Forum Moderators: open
The Ultimate SEO Guide for 2009
[webmasterworld.com...]
Once you become hooked at the above, you then get hooked by all the other references that seem to be infinite at times. Actually, many of them loop back to themselves. ;)
There are a plethora of tools that are buried at various authoritative resources, one of those being the W3C. One of those tools that doesn't get much play is the...
Semantic Data Extractor
[w3.org...]
This tool, geared by an XSLT stylesheet, tries to extract some information from a HTML semantic rich document. It only uses information available through a good usage of the semantics defined in HTML.

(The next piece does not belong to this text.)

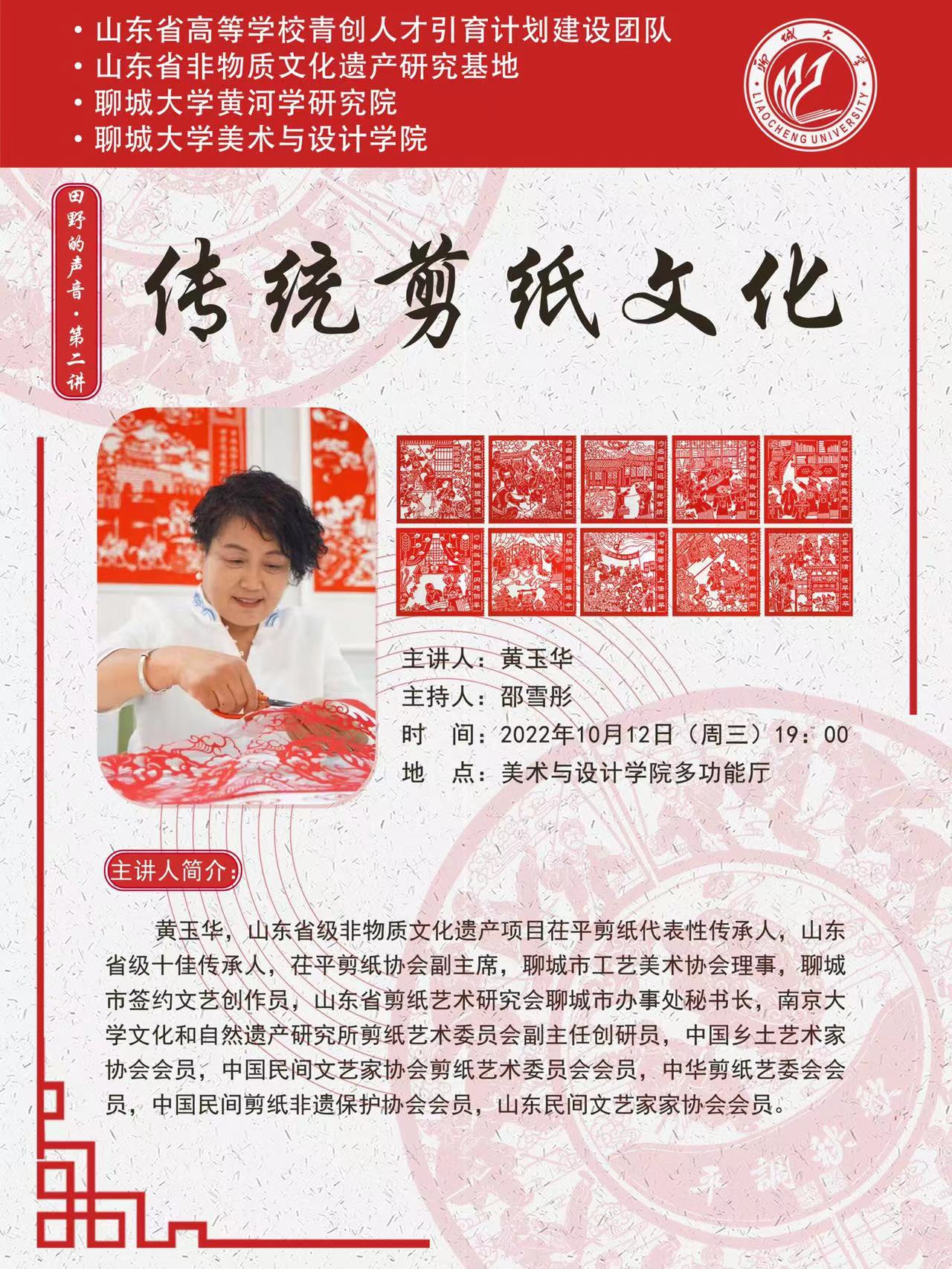 传承人是非物质文化遗产保护的核心。10月12日,在7号楼多功能厅, 跳蛋 邀请了茌平剪纸传承人黄玉华老师为同学们作了题为《传统剪纸文化》的讲座。

In the past month, I've probably run well over a few hundred pages through that tool. I'm wanting to see how many of the semantic elements I can target on one page. I've extracted all the data that it looks for and this is the list you end up with. I am now using this list as a general guideline for page development. Depending on the content of the page, I want to make sure that I've covered my bases in these areas...
Extracted DataGeneric Metadata
- Title
- Author
- Description
- Contact Information
- Language Code
- Explicit language annotations within the document
- HTML Profile
Related Resources
- Translations
- Alternate Formats
- Starting Page
- Next Page
- Previous Page
- Table of Contents
- Index
- Glossary
- Copyright
- Chapters
- Sections
- Subsections
- Appendix
- Help
- Bookmarkable Points
Defined Terms
The following terms are defined in the given HTML page:Abbreviations and Acronyms
The following abbreviations and/or acronyms are used in the given HTML page:
standing for ""Citations and Quotes
There are some quotes and citations in this page:
* [source]
References were found to the following sources:
*Document Outline
*
How do your pages display semantically? What do you see when you turn styles off? Or images? Or both? If you run your pages through the Semantic Data Extractor, how many of the above areas are being extracted from your documents?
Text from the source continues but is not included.